Each model has its own unique advantages and disadvantages. Pull is more natural when there are multiple inputs, push is natural when there are multiple outputs. In the context of our operators, there are several places where one of the models is a natural fit, and is hard to replace.

Pull - Natural use in:

  • UDFs already pull data by using an iterator.
  • FILTER, GROUP/COGROUP, BINCOND : Evaluate their nested query plans using pull (can be converted to push, though unnatural).
  • COMPARISON, AND/OR/NOT: Pull data because they have multiple inputs

Push - Natual use in:

  • EvalFunc<Bag>: Eval functions push data (through bag.add()). If we go with a pull model, have to hold in memory any bag output by a function (seems reasonable).

  • SPLIT: Multiple outputs are most naturally supported through the push model.

Disadvantages:

Pull:

  • Requires buffering whenever there are multiple outputs.
  • Requires multiple passes over the data if multiple aggregates are to be computed.

Push:

  • No convenient API to push data to UDFs that have multiple inputs.

Proposal

  1. Single-threaded execution.
  2. No API changes to UDFs in the short term. In the long term, we might introduce an aggregation function API that is push-based along the lines of the Postgres user-defined aggregation function API.

  3. Make the model entirely push-based. Reasons:

    1. Accomodates multiple outputs more naturally.
    2. Accomodates possible future change of having special aggregate function API to iterate over data only once.
    3. Functions can still pull data; we will push an entire iterator to them, instead of pushing tuple by tuple.
  4. Implement hadoop iterator cloning/rewind so that we don't have to do our own disk writes.
  5. Before hadoop iterator cloning becomes available, we could even materialize bags in memory, as today and this model works.
  6. When multiple iterators become available (either by reduce-side extension of hadoop), or when doing a map-side cogroup, it will fit nicely into this model.

Use Cases

To be written

Logical and Physical Plans

  1. A criterion we are adopting in the redesign of the logical and physical layer in Pig is to promote what used to be EvalSpec’s and Cond’s to operators.

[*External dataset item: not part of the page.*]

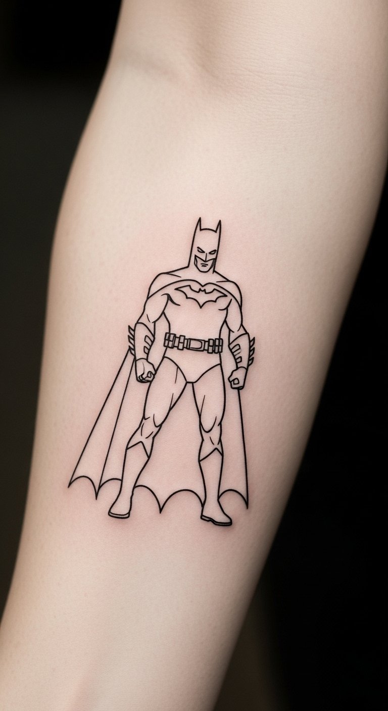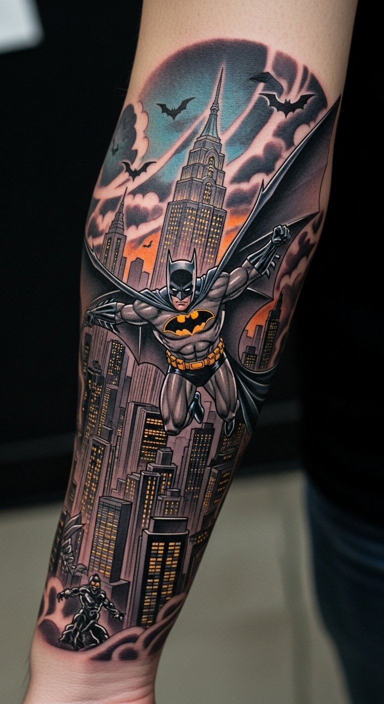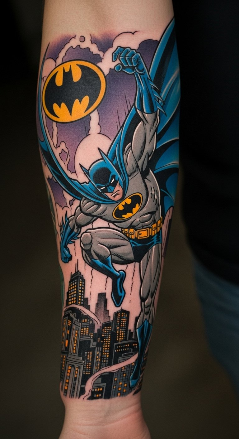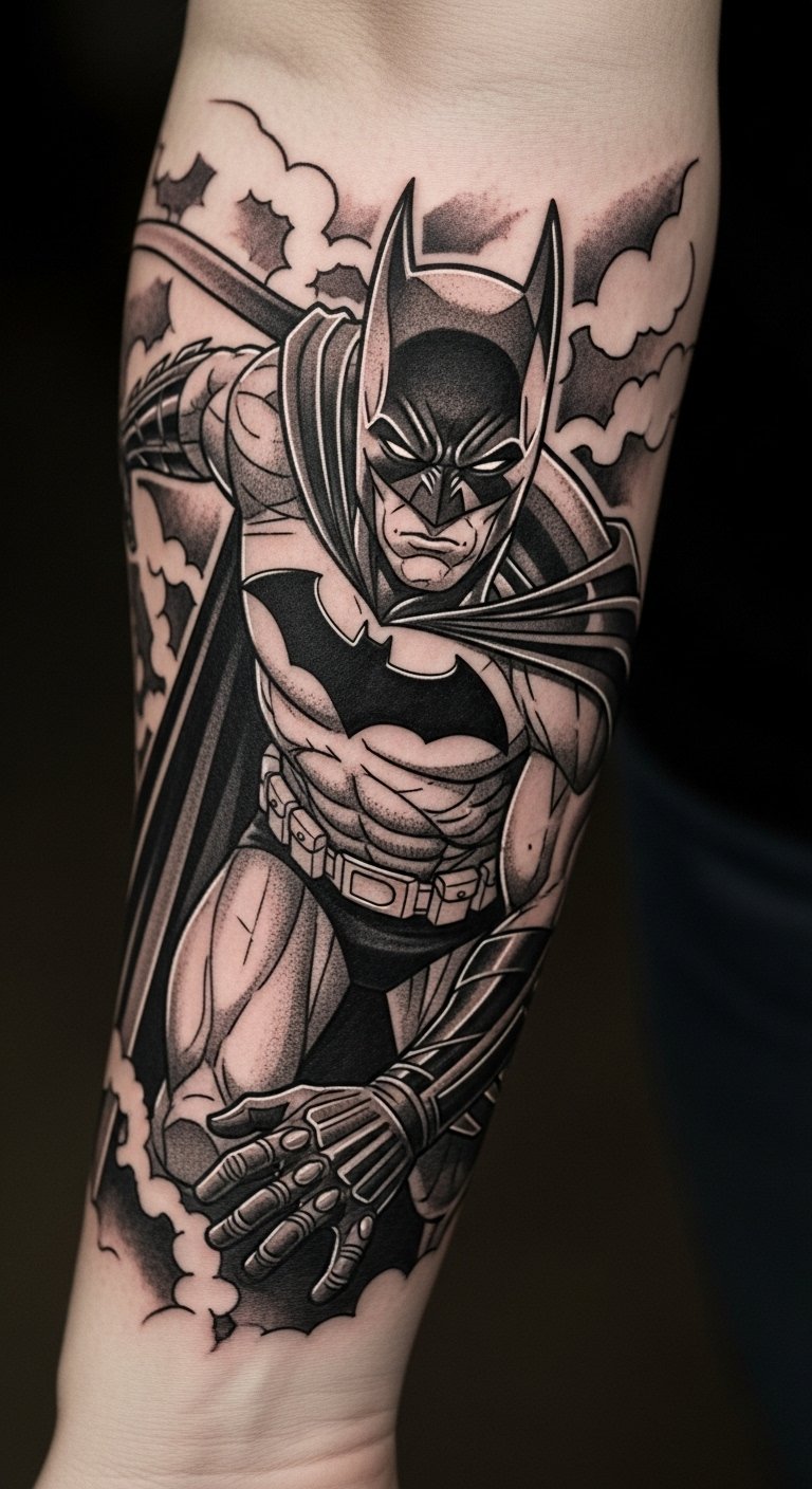 The intricate details and dynamic composition transform the arm into a canvas that not only honors Batman’s legacy but also reflects the wearer’s personal journey, evoking emotions of bravery and hope.

  2. Such approach provides: 1.) a clearer definition of the language; 2.) better identification of possibility for optimizations of various form
  3. Logical operators are such that they provide the logical representation of a Pig computation and type checking.
  4. The aspects that pertain to carrying out the actual computations on a given dataset belong to physical operators. Exploitation of type information should enable efficient computations.
  5. The mapping from logical operators to physical operators aims at preserving isomorphism of computation trees. Hence, most logical operators have their counterpart in physical operators. For instance, a logical FILTER will be translated into a physical FILTER. See translation scheme below.
  6. These are the following exceptions:
    1. Logical Cogroup to be translated into a Physical LocalRearrange and GlobalRearrange.

    2. Chris mentioned that even Algebraic Functions are exceptions to this.

Logical Plan

The logical plan will consist of a directed acyclic graph (DAG) of with logical operators as the nodes, and data flow between the operators as the edges.

The focus of the logical operators is post parse stage checking (such as type checking), optimization, and translation to a physical plan. The logical operators will contain information that facilitates these objectives.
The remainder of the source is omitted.